Given that their earliest years were marked by many months of coronavirus lockdowns, “in a way it feels like we’re only just starting out now,” Alison says. Over the pandemic “we didn’t realise before that being in the same room was so essential.” What’s most telling about HONEYMOAN’s quality as a band, however, is just what’s possible now they’re through the other side. With tour dates in the diary, and a tightly polished debut album on its way, it’s exciting to imagine just what could be possible.

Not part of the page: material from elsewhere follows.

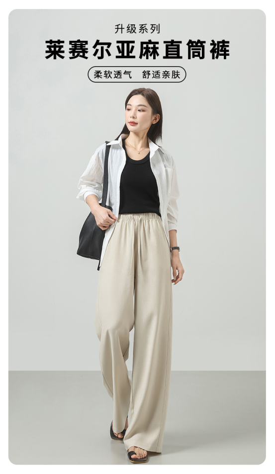 版型绝绝绝绝❗❗❗垂坠感又自带慵懒松弛感❗ 小个子也能穿大长腿效果! 面料是莱赛尔94.9%+亚麻5.1% 清爽透气!不闷汗!夏天可以当防晒裤! 相比全麻材质柔软舒服

It is telling that that record ends on ‘It’s Gone’. Although it’s the first song the band wrote for the record, thematically it finds the group at a point of resolution. A sparse, plaintive arpeggio and a meditative vocal from Alison. “It’s probably the only song that’s not written about anyone else, it’s drawn on reflections from my childhood, growing up and finding a sense of self.” After an album of such tumultuous mood swings, HONEYMOAN end things on a note of equilibrium, primed for what comes next.


It is always worth looking backwards as well as forwards, if only to take stock of just how far the band have come since that rehearsal in Cape Town half a decade ago. “There’s been a natural progression in sound,” Alison says. “It’s been a great learning experience, and we’ve just gotten really good at writing as a team.” It is a sound, it’s worth remembering, that is distinctly their own. They might have established an exceptional kind of instant connection there and then, but in the years since they’ve built on those foundations to create something even more special than that.